PROBLEM TO SOLVE.
Write out exactly the lines running from the one with "Firenze, seconda metà" to the end of the data, including both of those lines and excluding pictures.

STORED DATA.

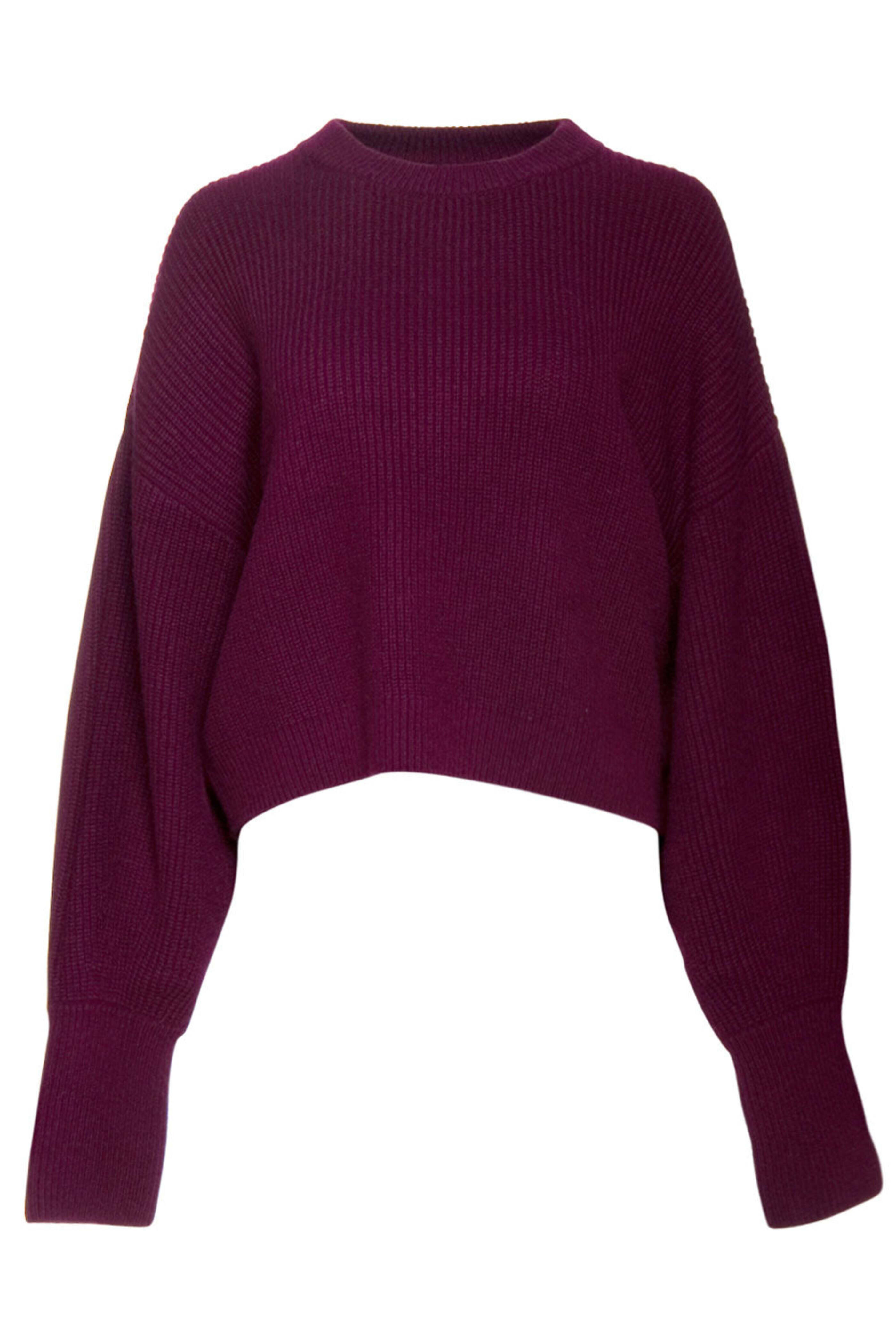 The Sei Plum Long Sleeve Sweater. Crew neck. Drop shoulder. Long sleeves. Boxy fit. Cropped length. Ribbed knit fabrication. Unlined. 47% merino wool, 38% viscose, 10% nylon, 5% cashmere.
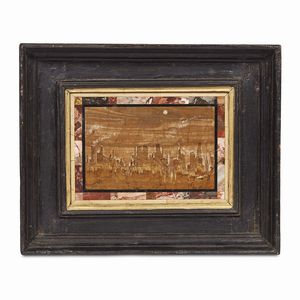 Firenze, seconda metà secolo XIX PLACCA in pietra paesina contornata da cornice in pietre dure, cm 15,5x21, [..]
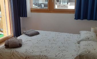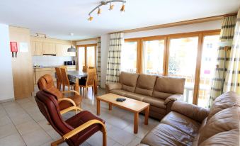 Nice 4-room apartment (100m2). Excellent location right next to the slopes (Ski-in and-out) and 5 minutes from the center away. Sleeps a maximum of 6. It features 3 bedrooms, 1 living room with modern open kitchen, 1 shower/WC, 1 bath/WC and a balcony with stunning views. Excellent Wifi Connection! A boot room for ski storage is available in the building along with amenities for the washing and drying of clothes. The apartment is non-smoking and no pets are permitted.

REPLY TO THE EXERCISE.
 Firenze, seconda metà secolo XIX PLACCA in pietra paesina contornata da cornice in pietre dure, cm 15,5x21, [..]
 Nice 4-room apartment (100m2). Excellent location right next to the slopes (Ski-in and-out) and 5 minutes from the center away. Sleeps a maximum of 6. It features 3 bedrooms, 1 living room with modern open kitchen, 1 shower/WC, 1 bath/WC and a balcony with stunning views. Excellent Wifi Connection! A boot room for ski storage is available in the building along with amenities for the washing and drying of clothes. The apartment is non-smoking and no pets are permitted.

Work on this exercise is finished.